Extract and count tags
First step in the analysis is to import the data (see Import Sequencing Data).
The next step is to extract the tags and count them:
Toolbox | Transcriptomics Analysis () | Expression Profiling by Tags () | Extract and Count Tags ()
This will open a dialog where you select the reads that you have imported. Click Next when the sequencing data is listed in the right-hand side of the dialog.

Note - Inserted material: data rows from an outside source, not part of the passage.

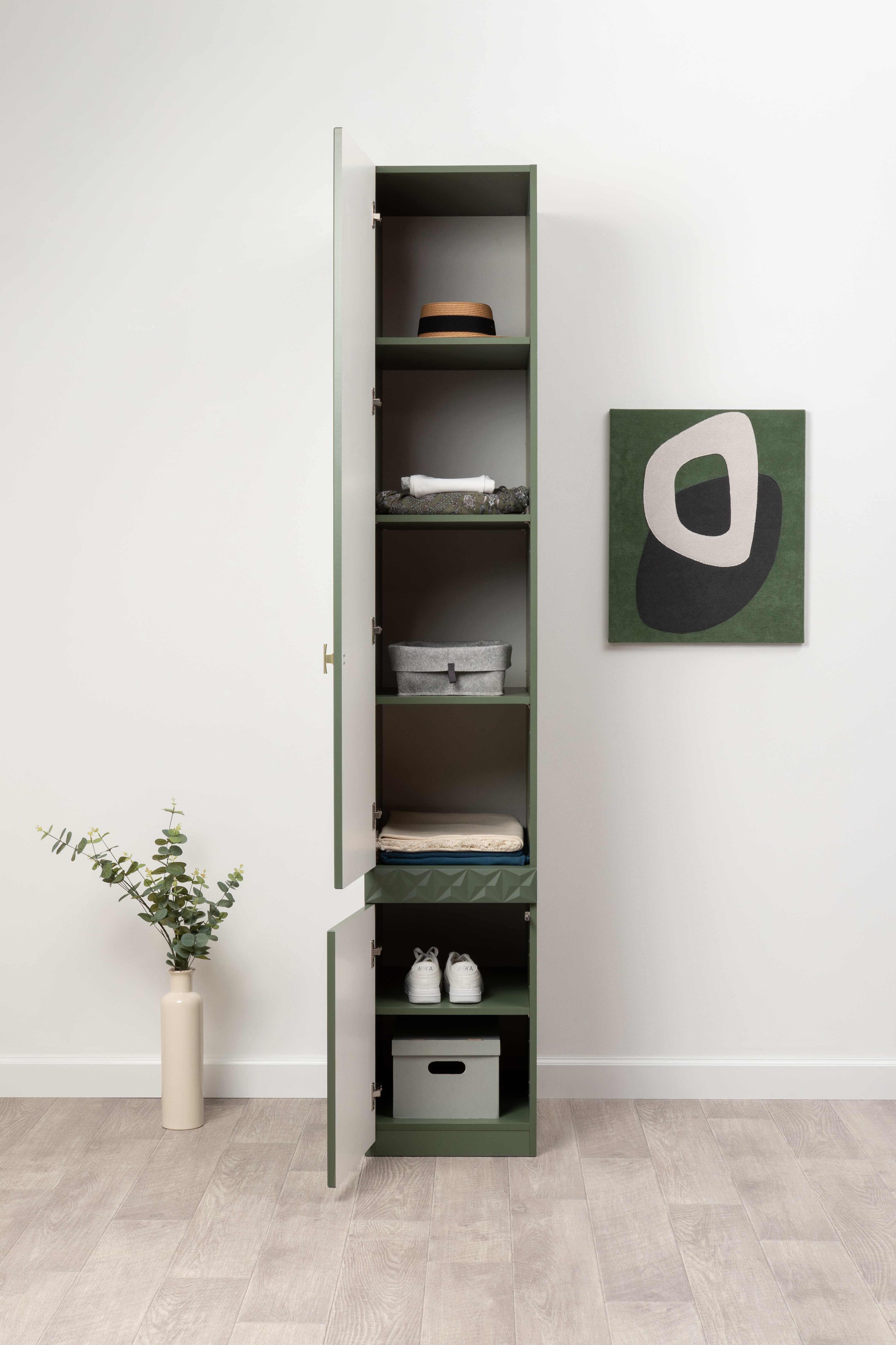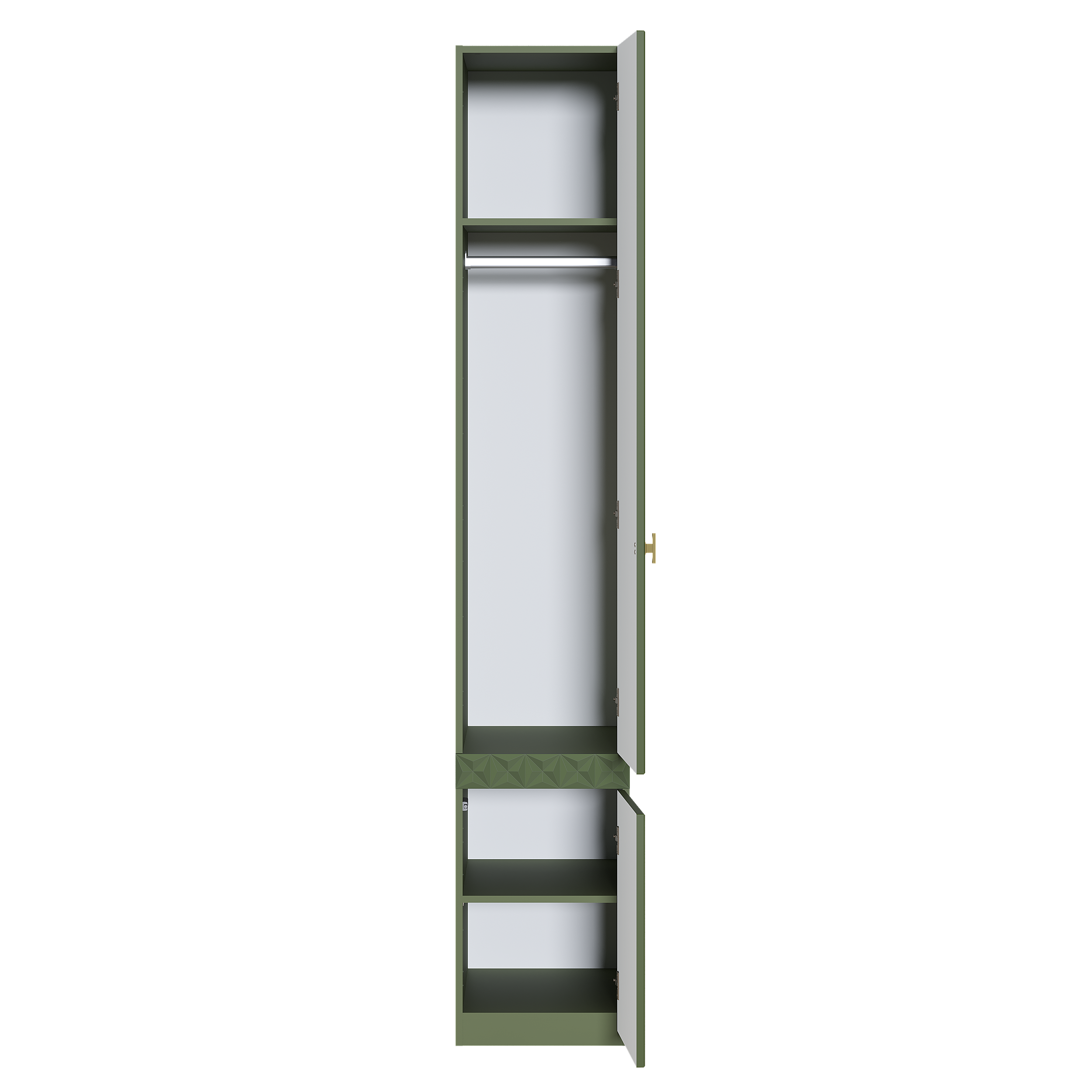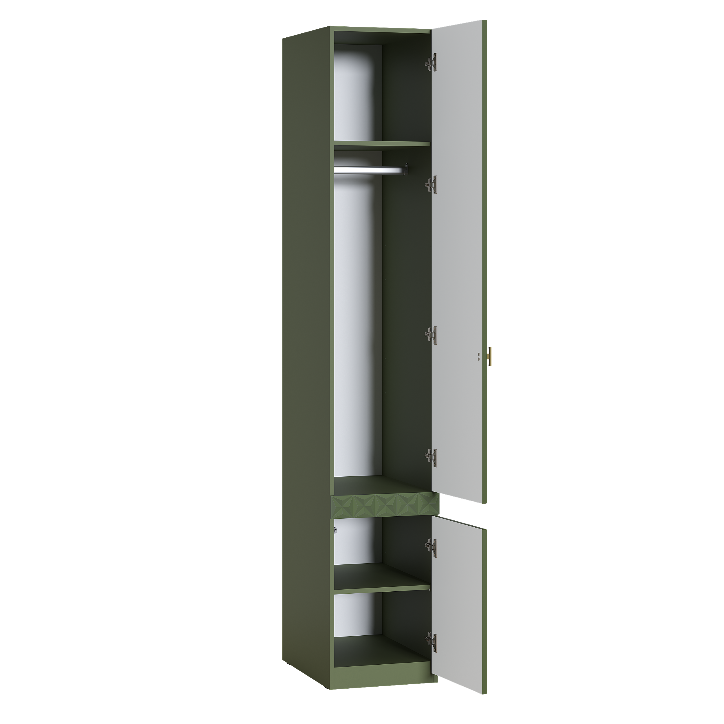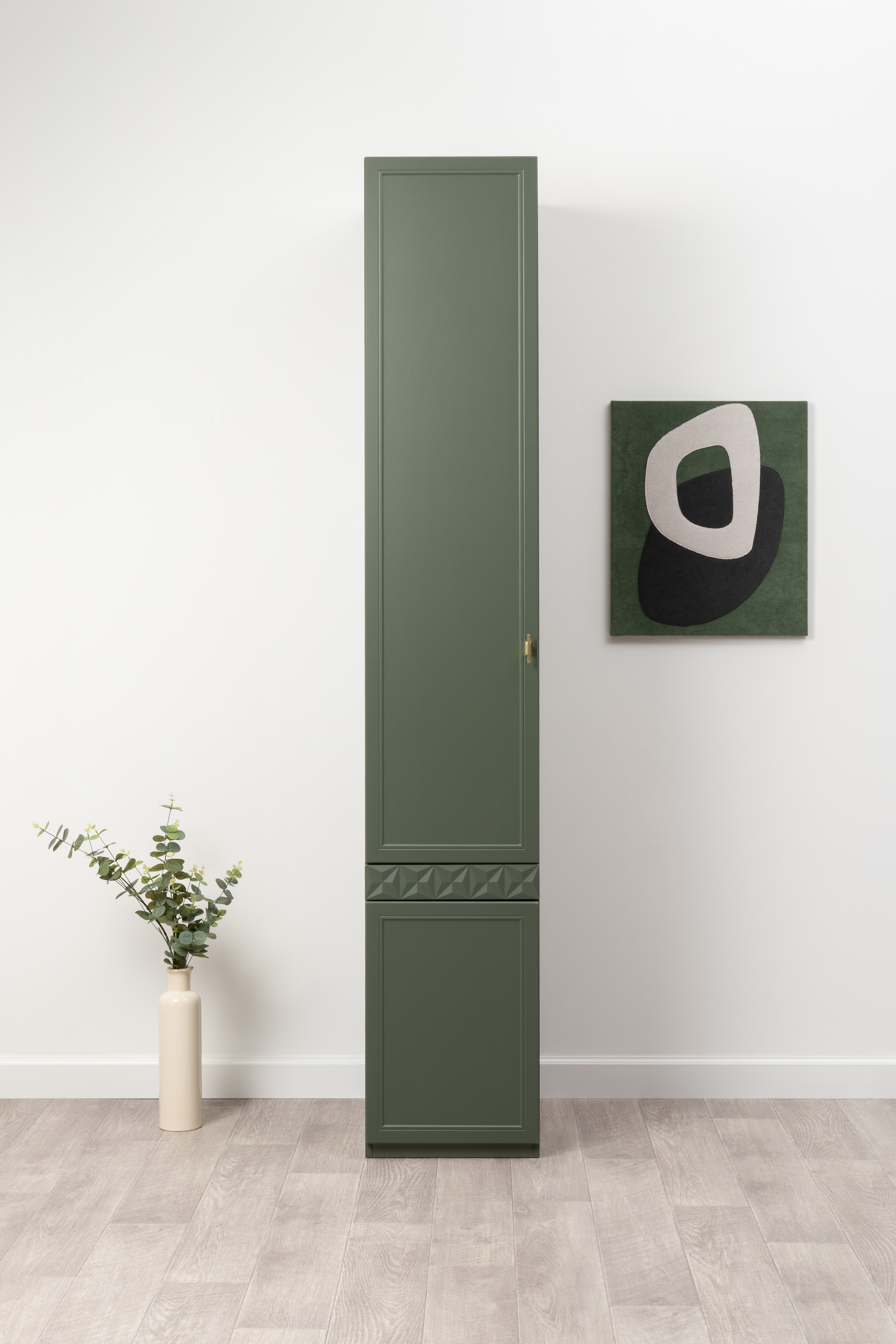 Шкаф-пенал Марион 16.340.01 дымчатый зеленый K521, олива шагрень AG 1050 ПВХ (собирается на любую сторону)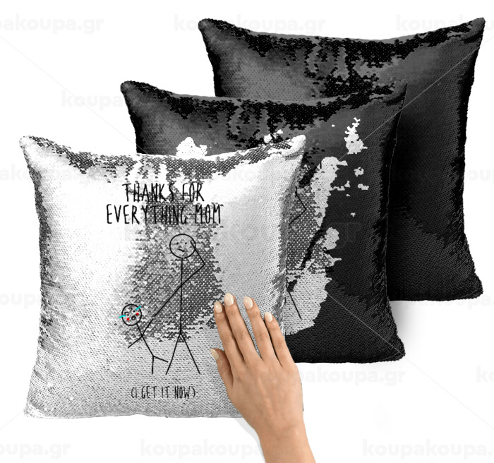 Thanks for everything mom, Μαξιλάρι καναπέ Μαγικό Μαύρο με πούλιες 40x40cm περιέχεται το γέμισμα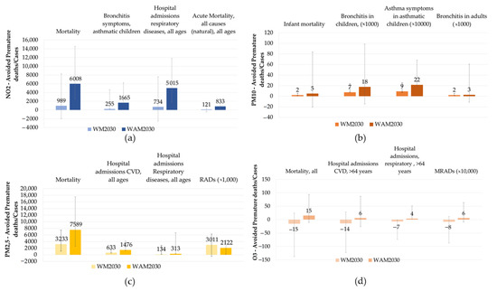 Avoided health impacts by pollutant: (a) NO2, (b) PM10, (c) PM2.5, and (d) O3. The results of the uncertainty analysis (from the CIs of the CRF and relative risk (RR) values) are shown as error bars.

This dialog is where you define the elements in your reads. An example is shown in figure 28.34.
Figure 28.34: Defining the elements that make up your reads.
By defining the order and size of each element, the Workbench is now able to both separate samples based on bar codes and extract the tag sequence (i.e. removing linkers, bar codes etc). The elements available are:
- Sequence
- This is the part of the read that you want to use as your final tag for counting and annotating. If you have tags of varying lengths, add a spacer afterwards (see below).
- Sample keys
- Here you input a comma-separated list of the sample keys used for identifying the samples (also referred to as "bar codes"). If you have not pooled and bar coded your data, simply omit this element.
- Linker
- This is a known sequence that you know should be present and do not want to be included in your final tag.
- Spacer
- This is also a sequence that you do not want to include in your final tag, but whereas the linker is defined by its sequence, the spacer is defined by its length. Note that the length defines the maximum length of the spacer. Often not all tags will be exactly the same length, and you can use this spacer as a buffer for those tags that are longer than what you have defined as your sequence. In the example in figure 28.34, the tag length is 17 bp, but a spacer is added to allow tags up to 19 bp. Note that the part of the read that is extracted and used as the final tag does not include the spacer sequence. In this way you homogenize the tag lengths which is usually desirable because you want to count short and long tags together.
When you have set up the right order of your elements, click Next to set parameters for counting tags as shown in figure 28.35.
Figure 28.35: Setting parameters for counting tags.
At the top, you can specify how to tabulate (i.e. count) the tags:
- Raw counts
- This will produce the count for each tag in the data.
- Sage Screen trimmed counts
- This will produce trimmed tag counts. The trimmed tag counts are obtained by applying an implementation of the SAGEscreen method ([Akmaev and Wang, 2004]) to the raw tag counts. In this procedure, raw counts are trimmed using probabilistic reasoning. In this procedure, if a tag with low count has a neighboring tag with high count, and it is likely, based on the estimated mutation rate, that the low count tags have arisen through sequencing errors of the tags with higher count, the count of the less abundant tag will be attributed to the higher abundant neighboring tag. The implementation of the SAGEscreen method is highly efficient and provides considerable speed and memory improvements.
- Allowing indels
- Ticking this box means that, when SAGEscreen is applied, neighboring tags will, in addition to tags which differ by nucleotide substitutions, also include tags with insertion or deletion differences.
- Color space
- This option is only available if you use data generated on the SOLiD platform. Checking this option will perform the alignment in color space which is desirable because sequencing errors can be corrected. Learn more about color space in Color space.
Note! If more samples are created, SAGEscreen and the minimum threshold cut-offs will be applied to the cumulated counts (i.e. all tags for all samples).
Clicking Next allows you to specify the output of the analysis as shown in figure 28.36.
The options are:
- Create expression samples with tag counts
- This is the primary result showing all the tags and respective counts (an example is shown in figure 28.37). For each sample defined via the bar codes, there will be an expression sample like this. Note that all samples have the same list of tags, even if the tag is not present in the given sample (i.e. there will be tags with count 0 as shown in figure 28.37). The expression samples can be used in further analysis by the expression analysis tools for statistical analyses etc.
- Create sequence lists of extracted tags
- This is a simple sequence list of all the tags that were extracted. The list is simple with no counts or additional information.
- Create list of reads which have no tags
- This list contains the reads from which a tag could not be extracted. This is most likely bad quality reads with sequencing errors that make them impossible to group by their bar codes. It can be useful for troubleshooting if the amount of real tags is smaller than expected.
Figure 28.37: The tags have been extracted and counted.
Finally, a log can be shown of the extraction and count process. The log gives useful information such as the number of tags in each sample and the number of reads without tags.